In Avignon bemerken wir dass vom Hafen den wir anfahren wollen nur noch die Poller übrig sind. Die Stege wurden beim letzten Hochwasser weggeschwemmt. Es ist unvorstellbar dass das Wasser so hoch stieg dass die, Stege oben aus den Pollern rutschen konnten. Die Poller sind etwa 6 Meter hoch. Ansonsten verläuft die weitere Reise ohne besondere Vorkommnisse, es ist schön und kalt, und wir kommen gut vorwärts da die Schleusen weit auseinander liegen. Die Hebebrücke vor Grau du Roi kommt näher, und wieder kommen Fragen auf, wie war das noch? Wir sind da drunter durch, aber was war da wie montiert. Beide schauen sich blöd an. Das darf doch nicht wahr sein, das hatten wir schon mal.

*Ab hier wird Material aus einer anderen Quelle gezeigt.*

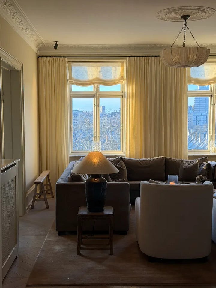 For almost a year, I lived there mostly alone while my husband was working abroad. The apartment was nearly empty. We had invested everything into the renovation itself, leaving little room for furniture. So I waited. I chose pieces that would anchor the space rather than fill it - a well-made sofa, a vintage console, a dining table with presence, a lamp that could hold the room quietly, and pieces designed to move with us into future homes.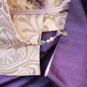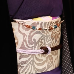 講習内容/羽織紐とたもとクリップから選べます。ガラスビーズの色を選んで、あなたのオリジナル作品が制作できます。大人の女性の装身具を発表している作家・岩井奈緒美先生オリジナルデザインです。
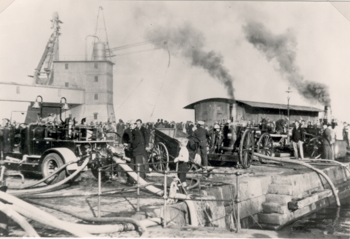 Ångkvarnsbranden i juli 1935. Vatten till brandbekämpningen pumpades upp ur hamnbassängen.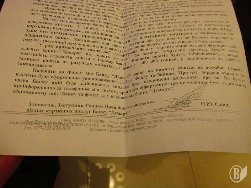 А потому нужно писать заявления в банк «Демарк» с требованием выплатить сумму вклада или остатка на платежном балансе.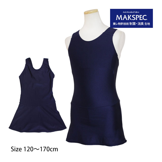 スクール水着 女子 女の子 スカート&スパッツ ワンピース水着 体型カバー 学校 水着 子供 紺 無地 抗菌 防臭

Der Mistral bläst uns ziemlich schnell Richtung Brücke, und immer noch schauen sie blöd. Rolf verschwindet im Schiff, kommt wieder und sagt, dass letztes mal der Radar nicht oben war. Wie hat er das rausbekommen. Ganz einfach, er hat auf dem Compi die Fotos vom letzten Jahr nachgeschaut. Jetzt muss es aber schnell gehen, Erni versucht das Schiff ruhig zu halten und Rolf demontiert den Radar. Genau gesagt bleibt nur noch Zeit die vordere Halterung zu lösen und ihn nach hinten wegzukippen. Wir befinden uns unmittelbar vor der Brücke, als Erni noch schnell den Holzplock mit dem provisorisch montierten Navigationslicht demontiert. Und schon sind wir unter der Brücke, Rolf zögert, Erni sagt es reicht, obwohl sie auch diesmal bestimmt nicht sehen kann ob es wirklich reicht, aber es reicht, wenn auch wie letztes mal ganz knapp. Rolf hat im vornherein mit Spano telefoniert, wir haben da einen Platz in der Werft, wo die restlichen Arbeiten gemacht werden sollen.